BLM, where are the voices of Museums?
"Dear Museum, why don't you say anything? This is in essence the question put to museum institutions. An intense debate has opened on the reaction of museums to the "Black Lives Matter" movement, which in just a few weeks has become the universal slogan of equal lives.
Where does this interpellation come from? First of a principle that has been affirmed and reinforced in the digital age: the museum speaks. Conferences, debates but also video content, podcasts, and enhanced communication on social networks, a whole series of proposals and interactions have made the museum a talking institution. As such, the museum is today criticized for his silence or the timidity of his voice.
But, based on this criticism, the good news is that there is a social demand for museums, and it paves the way for a redefinition of their role in public debate. This is my theory.
To trace the thread of this request for commitment, we must take into account the differences in reactions between museums versus the "Black Lives Matter" movement.
Some, like the Louvre museum did not react, others in the United States quickly published messages of support and solidarity. The Tate in London put online resources around black artists. The Museum of Natural History and the Musée de l'Homme put up their podcast "We the others". Musée du Quai Branly in Paris set up a conference by African-American academic Cornel West at the time of the exhibition "The Color Line." In Bordeaux Musée d'Aquitaine has joined forces with the Foundation for the Memory of Slavery.
In contrast, others, such as the Center Pompidou, posted a black background during "Blackout Tuesday" on social networks.

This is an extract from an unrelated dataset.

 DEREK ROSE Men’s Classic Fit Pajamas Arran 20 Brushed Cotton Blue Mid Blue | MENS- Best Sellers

There is thus emancipation of variable geometry with regard to the "neutrality" of museums. Neutrality, which is today called into question. The International Council of Museums notably recalled in a forum that museums are not neutral, that they are not separated from the social context, and that when they separate from it, this silence is not neutral, it is a choice, the bad".
The letter from a biracial student at the Louvre School, posted on her Instagram account, has also been widely used in the artistic network, blogs, and specialized journals.

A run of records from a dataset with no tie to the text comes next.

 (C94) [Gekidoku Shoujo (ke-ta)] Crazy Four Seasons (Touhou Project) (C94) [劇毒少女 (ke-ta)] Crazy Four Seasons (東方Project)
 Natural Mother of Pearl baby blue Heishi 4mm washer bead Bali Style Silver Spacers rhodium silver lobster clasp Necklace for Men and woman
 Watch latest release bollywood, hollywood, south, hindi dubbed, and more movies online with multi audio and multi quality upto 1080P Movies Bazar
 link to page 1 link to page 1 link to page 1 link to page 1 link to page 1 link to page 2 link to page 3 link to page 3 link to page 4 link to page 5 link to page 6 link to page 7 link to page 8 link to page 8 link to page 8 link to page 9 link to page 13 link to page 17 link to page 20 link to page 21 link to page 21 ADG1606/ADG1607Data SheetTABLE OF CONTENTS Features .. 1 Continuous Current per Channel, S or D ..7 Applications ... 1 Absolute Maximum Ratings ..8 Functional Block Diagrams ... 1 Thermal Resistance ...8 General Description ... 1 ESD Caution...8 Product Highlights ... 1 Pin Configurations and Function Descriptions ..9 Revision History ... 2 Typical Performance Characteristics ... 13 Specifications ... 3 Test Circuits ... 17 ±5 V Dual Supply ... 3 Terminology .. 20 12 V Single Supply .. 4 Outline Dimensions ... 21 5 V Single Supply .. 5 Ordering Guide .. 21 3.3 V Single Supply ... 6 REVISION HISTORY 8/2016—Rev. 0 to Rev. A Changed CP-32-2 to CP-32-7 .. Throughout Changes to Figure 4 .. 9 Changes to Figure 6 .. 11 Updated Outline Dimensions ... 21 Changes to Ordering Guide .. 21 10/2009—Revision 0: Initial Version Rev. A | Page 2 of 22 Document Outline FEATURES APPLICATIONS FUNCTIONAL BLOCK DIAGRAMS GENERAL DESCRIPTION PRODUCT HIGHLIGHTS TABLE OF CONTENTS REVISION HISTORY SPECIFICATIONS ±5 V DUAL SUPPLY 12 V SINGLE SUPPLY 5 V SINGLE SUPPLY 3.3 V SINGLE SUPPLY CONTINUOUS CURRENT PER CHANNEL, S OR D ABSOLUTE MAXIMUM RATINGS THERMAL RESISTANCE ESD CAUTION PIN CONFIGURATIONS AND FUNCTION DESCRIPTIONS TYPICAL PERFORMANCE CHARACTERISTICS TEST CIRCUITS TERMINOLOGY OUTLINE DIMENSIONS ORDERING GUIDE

It challenges "museum impartiality" and attacks the silence or the weakness of facade messages "between your potential social action in the public debate and that of L'Oréal, would there be no difference? »She asks.
In this letter, French museums are called upon to share massive amounts of content and resources within a single platform, to provide young people with "intellectual self-defense tools".

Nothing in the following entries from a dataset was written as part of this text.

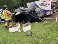 Alyssa Gray, 32, of Arnold was rescued by Rock Community Fire Protection District firefighters when her car overturned after running off Loned…
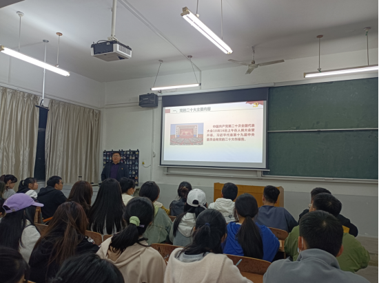 楊霄指出黨的二十大是在全黨全國各族人民邁上全面建設社會主義現代化國家的新征程、向第二個百年奮鬥目标進軍的關鍵時刻召開的一次十分重要的大會,取得了一系列事關新時代中國特色社會主義長遠發展的重大成果,是一次高舉旗幟、凝聚力量、團結奮進的大會,楊霄向同學們講述了黨的二十大報告中十五個方面的主要内容,引導同學們理解“十個明确”、“十四個堅持”“十三個方面成就”的豐富内涵,領會“六個堅持”的理論品質,并着重講述了新時代黨和國家對青年的要求和期望,希望同學們堅定信仰,做有深度的青年;懷揣夢想,做有廣度的青年;不忘初心,做有溫度的青年;敢于擔當,做有氣度的青年。
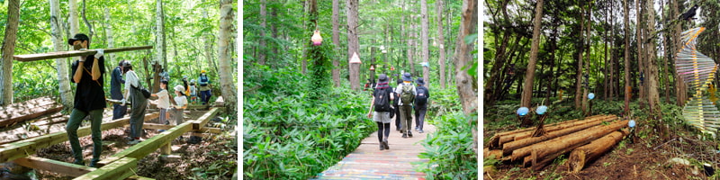 为了使森林中的植物不被踩踏,志愿者与苗场的各位在会场的森林中一起铺成的长约1.4千米的木制林间小道。
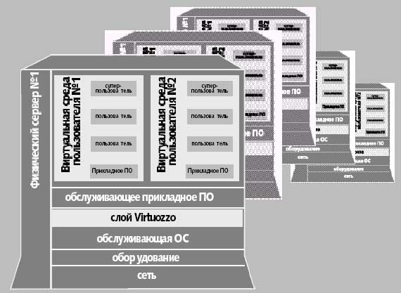 | Рис. 3. Кластер из набора физических серверов, работающих на базе технологии Virtuozzo |
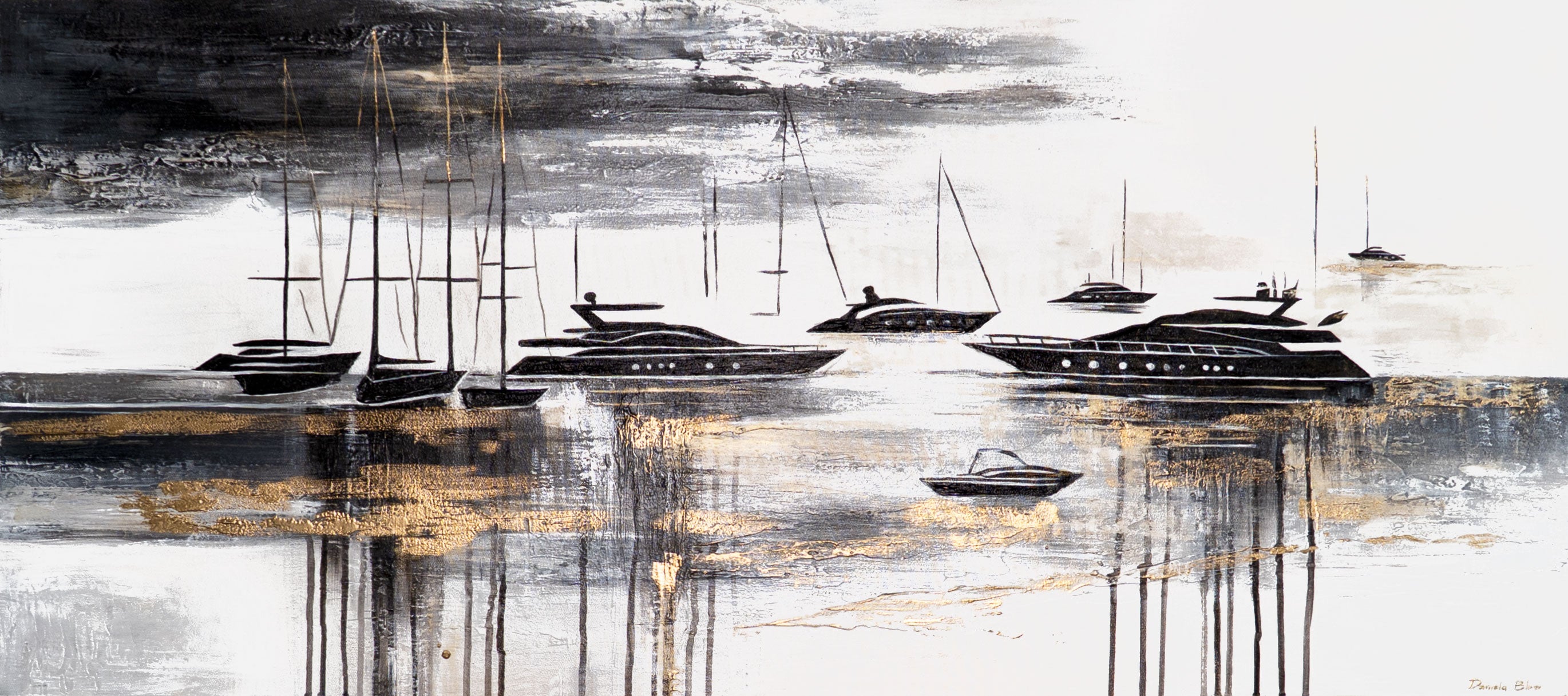 “Yachts” is een stijlvol, met de hand geschilderd acrylschilderij op canvas dat een rustig maritiem tafereel afbeeldt met elegante jachten in zwart, wit en goud. De gestructureerde schilderstijl geeft het beeld diepte en glans, terwijl het monochrome contrast met gouden accenten een moderne, luxueuze sfeer creëert.

At a time of generalized mistrust, the museum, therefore, embodies a point of reference. This is the first lesson of this controversy. But between the responses deemed weak or opportunistic and the absence of responses labeled as disconnection, the museum's word has not yet found its voice. It must also be part of consistency between programming, internal functioning, and communication. It is an enthralling challenge which is launched to the institutions, one of these debates of the "after" which nobody had, it seems, not seen coming.